Merz's relentless struggle against the "debt brake" is forcing even Bundesbank economists into a sober assessment. For next year, they project an official budget deficit of 4.8%, a figure that indirectly confirms our assessment of new borrowing. If one views the state as a consumer filling its deficits with a "debt printer," then the statistically reported zero growth means nothing other than that the private economy—which produces goods and services for real consumers—is shrinking dramatically.

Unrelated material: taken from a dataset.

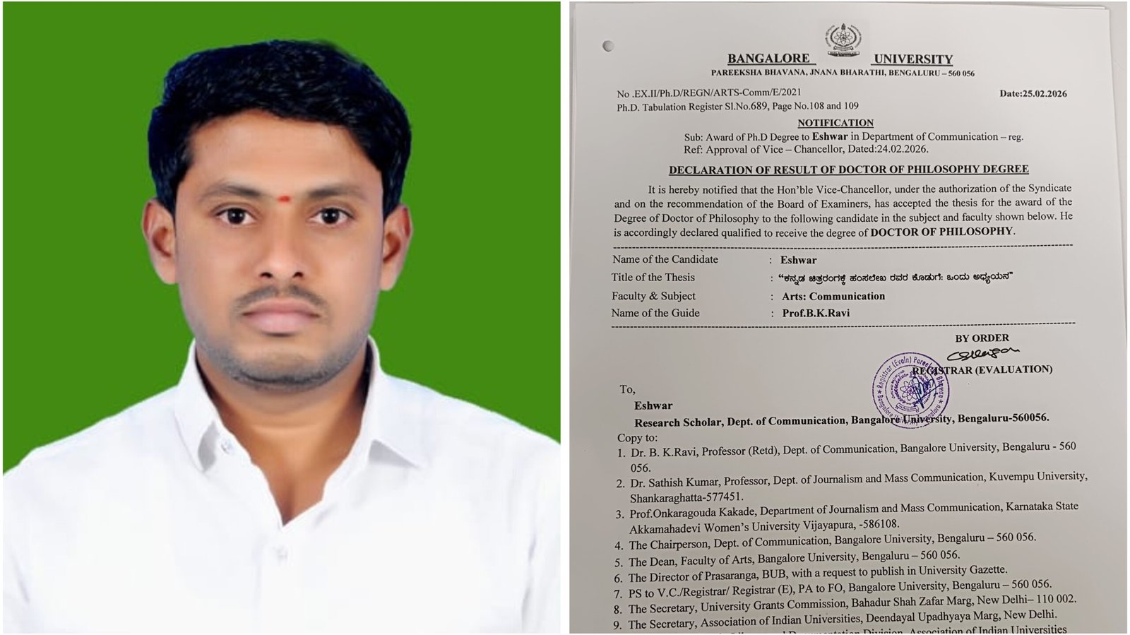 ಬೆಂಗಳೂರು ವಿಶ್ವವಿದ್ಯಾಲಯ ಸಂವಹನ ವಿಭಾಗದ ಹಿರಿಯ ಪ್ರಾಧ್ಯಾಪಕರು ಹಾಗೂ ಪ್ರಸ್ತುತ ಬೆಂಗಳೂರು ಉತ್ತರ ವಿಶ್ವವಿದ್ಯಾಲಯ (ಕೋಲಾರ) ಕುಲಪತಿಗಳಾದ ಪ್ರೊ. ಬಿ.ಕೆ. ರವಿ ಅವರ ಮಾರ್ಗದರ್ಶನದಲ್ಲಿ ಮಂಡಿಸಿದ “ಕನ್ನಡ ಚಿತ್ರರಂಗಕ್ಕೆ ಹಂಸಲೇಖ ರವರ ಕೊಡುಗೆ: ಒಂದು ಅಧ್ಯಯನ” ಎಂಬ ಸಂಶೋಧನಾ ಮಹಾಪ್ರಬಂಧಕ್ಕೆ ಡಾಕ್ಟರೇಟ್ ಪದವಿ ಪ್ರದಾನ ಮಾಡಲಾಗಿದೆ ಎಂದು ಬೆಂಗಳೂರು ವಿಶ್ವವಿದ್ಯಾಲಯವು ಪ್ರಕಟಣೆಯಲ್ಲಿ ತಿಳಿಸಿದೆ.

The deterioration of the real economy
To compensate for this economic erosion, the federal government, in addition to its already excessively deficit-ridden budget, is directing special funds into two artificial economies: the green disaster economy and the freshly revitalized war sector. Over 50 billion euros a year are borrowed from the credit market for this purpose.
This mixture of economic ignorance, historical amnesia, and almost childlike faith in miracles leaves one speechless. One can safely assume that no minister understands that only capital saved from the economic process and converted into investments in the free market creates wealth. The Merz–Klingbeil duo is building an inflated economy, ideologically committed to the green transition and geopolitically following a historically disastrous idea: the development of a war economy.
Silent erosion
This policy is likely to further bloat the public sector. Simply the distribution of these vast debts and credit programs puts tens of thousands of people to work at the expense of the productive population. The high rate of regulation in Brussels and Berlin has forced the German economy to create approximately 325,000 new administrative positions over the last three years—solely to handle the flood of bureaucracy and regulatory requirements. Paper piles up, bureaucratic paranoia ensues, and economic disaster follows.
The state essentially externalizes its own bureaucracy and distorts statistics on multiple levels. While administrative mechanisms grow, hundreds of thousands of industrial jobs have already been lost. The estimated growth for 2026, a mere 1%, is the real catastrophe that Berlin must swallow.
The turning point
For Merz, this economic catastrophe is no longer just an internal political bombshell. If the downward trend continues, the media, ritualistic attacks on entrepreneurs, empty patriotism, and endless "perseverance" slogans will not be enough to explain to citizens why their depletion through taxes and the labor market continues while no one addresses the causes.
In essence, the crisis is about correcting two fundamental ideological misconceptions. The moment will come when Germany will have to abandon the leftist illusion of acting permanently as the world's social office. This change will coincide with the end of disastrous climate socialism, which either bankrupts German industry or drives it into the arms of logically managed locations.
The Visegrád group delivered a demonstrative kick to Merz’s legs. But the real dynamics extend further: a strong opposition of conservative parties and governments is forming—from Hungary, the Czech Republic, Slovakia, and Italy. These will eventually behead the climate-socialist Medusa of the central planners. However, given the strong winds of resistance from the core of Brussels, the birth of the liberating European Perseus may be a long and difficult process.